New structural features of the high-pressure synthetic sheet-disilicate Phase-X, K_(2–x)Mg₂Si₂O₇H_x

Abstract

The structure of the synthetic high-pressure sheet-disilicate Phase-X (PhX), a possible host of H₂O and K in the mantle, has been determined for a crystal synthesized at 16 GPa/1300 °C/23 h. The composition of the sample is close to K_1.5Mg₂Si₂O₇H_0.5, which is 50% PhX/50% Anhydrous-PhX and has 25% of interlayer K sites vacant. The structures of four crystals were determined by singlecrystal X-ray diffraction and had very similar diffraction characteristics and structural results; the structure of one of the larger crystals is reported here. Reflection intensity statistics strongly indicate that PhX is centrosymmetric, space group P6₃/mcm, in contrast to other studies that have reported non-centrosymmetric space group P63cm. While it was possible to obtain good agreement indices for refinements in P63cm, there were strong correlations between atoms that are equivalent in P6₃/mcm, suggesting that the correct structure is centrosymmetric. Full anisotropic refinement in space group P6₃/mcm gave R₁ = 0.036, wR₂ = 0.079, GoF = 1.467. As with all previous studies of PhX, the H atom was not located. Difference-Fourier maps of the residual electron density indicated that the K atom is displaced from the 4c site lying on the sixfold axis on to three split 12j sites 0.2 Å away, each having ¼ occupancy, giving a total of 3 K atoms per unit cell and corresponding to 1.5 K apfu, in good agreement with the content derived from electron microprobe analysis. Diffraction patterns of all four crystals examined, reconstructed from the full-intensity data collection, consistently show the presence of a large hexagonal superstructure with dimensions 8a_sub × 8a_sub × c_sub, having Z = 128, compared with Z = 2 for the two-layer subcell. Complex arrays of superlattice reflections occur in layers with l = 2n, but are absent from l = 2n + 1 layers.

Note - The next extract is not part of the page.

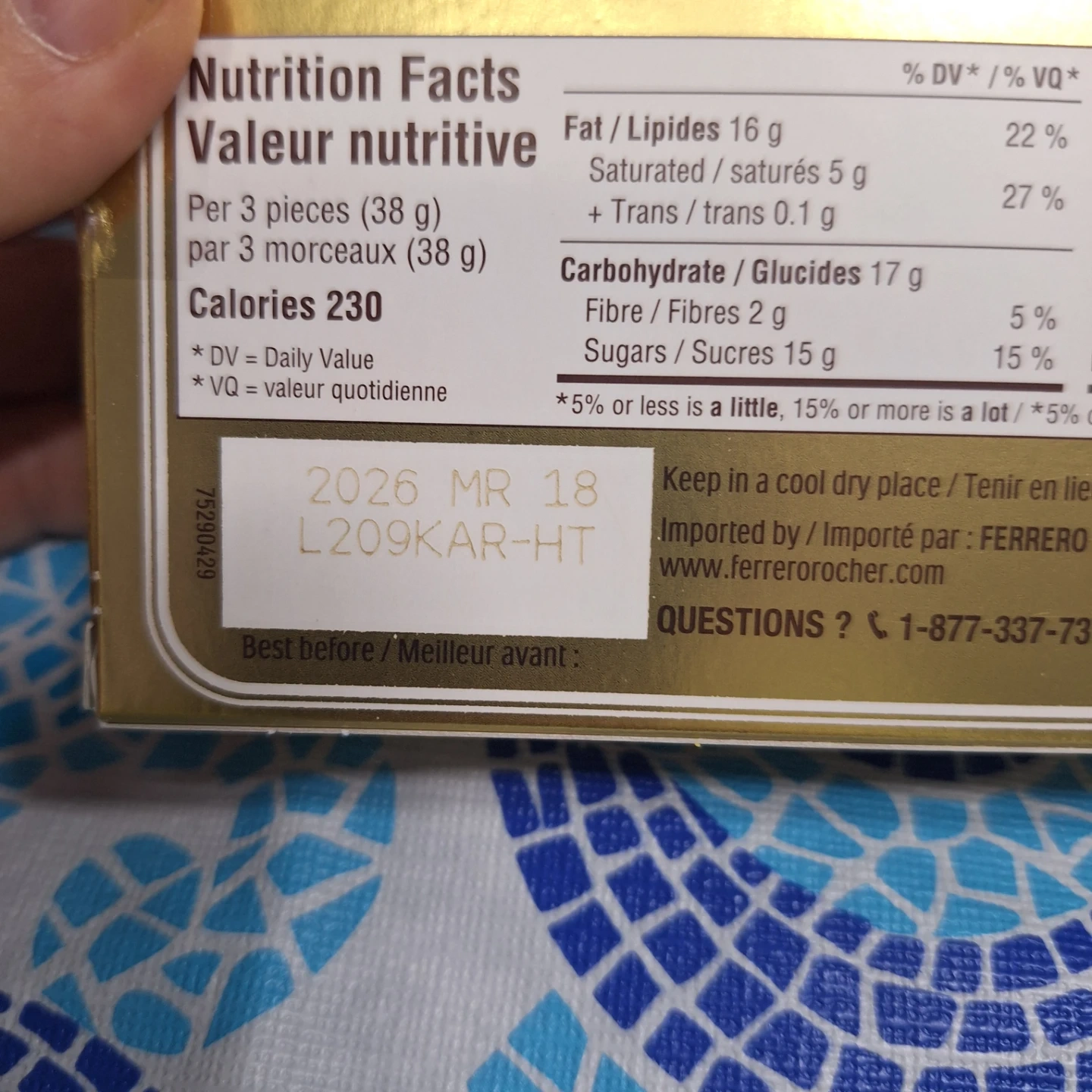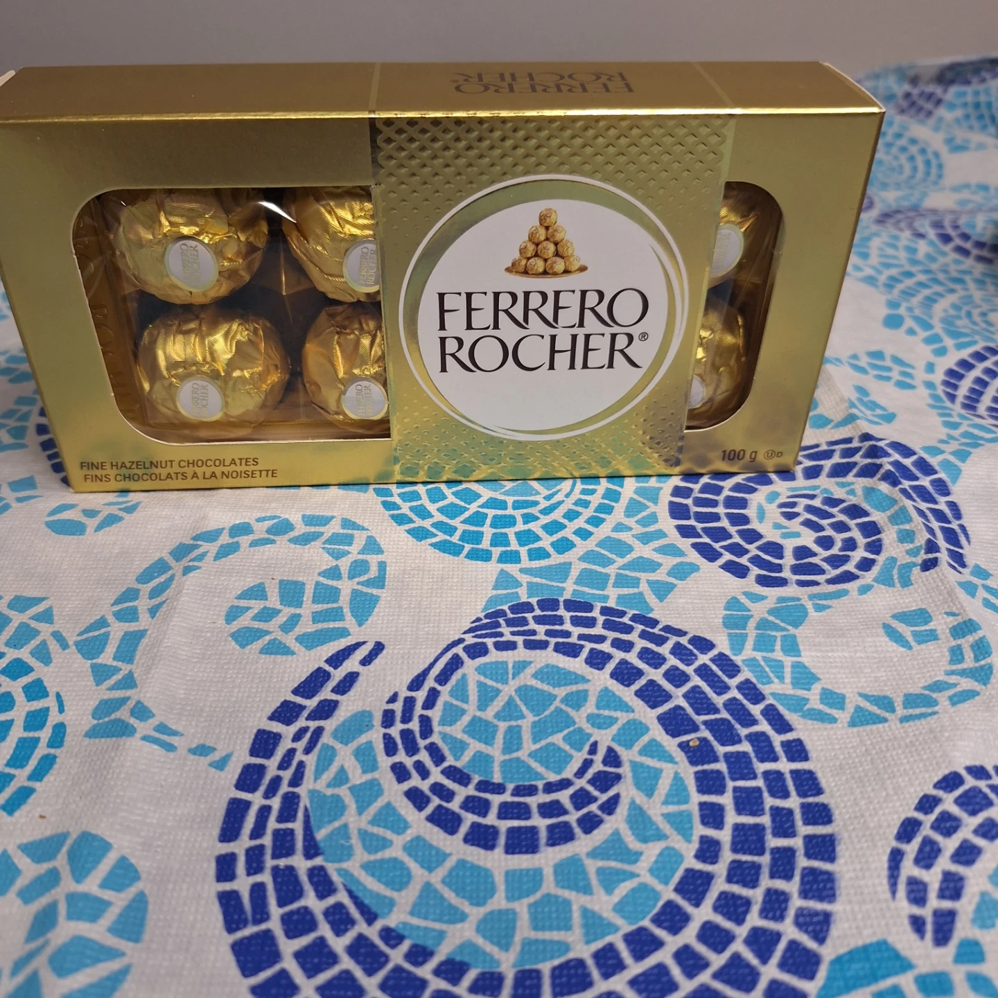 Selling a box of Ferrero Rocher fine hazelnut chocolates. Each chocolate is a whole hazelnut encased in delicious wafer, a creamy filling, and a crisp chocolate layer covered in chopped hazelnuts. Best before 2026 MR 18. Enjoy these decadent treats!

Unpolarized infrared spectra of single crystals of PhX were obtained that are similar to those reported previously in the literature. Spectra in the OH-stretching region consist of a major absorption band at 3595 cm^-1 and three much weaker bands at 3690, 3560, and 3405 cm^-1. Bond-valence analysis of PhX indicates that O1 is very over-bonded, whereas O2 is slightly under-bonded and a possible site for protonation. We present geometrical and crystal-chemical arguments that exclude O1 as a candidate for protonation, whereas a much better case can be made for O2. In PhX structures, H must be located at a partially occupied site with a multiplicity 4 ≤ m ≤ 24 in P6₃/mcm or 4 ≤ m ≤ 12 in P6₃cm. Such low occupancies for H sites are the likely reason for their invisibility to diffraction. We outline a model for the incorporation of H into PhX of composition K_1.5Mg₂Si₂O₇H_0.5 that suggests a mechanism for ordering based upon avoidance of H and K, coupled with K-site vacancies. Such behavior may also be the origin of the superstructure. The P6₃/mcm structure and the presence of an underlying superstructure may well be characteristic of ordered intermediate compositions at or near PhX₅₀/Anhydrous-PhX₅₀. Identification of a new space group and recognition of a previously unobserved superstructure point to new possibilities for PhX and its derivatives that may bear significantly upon their stability at mantle conditions.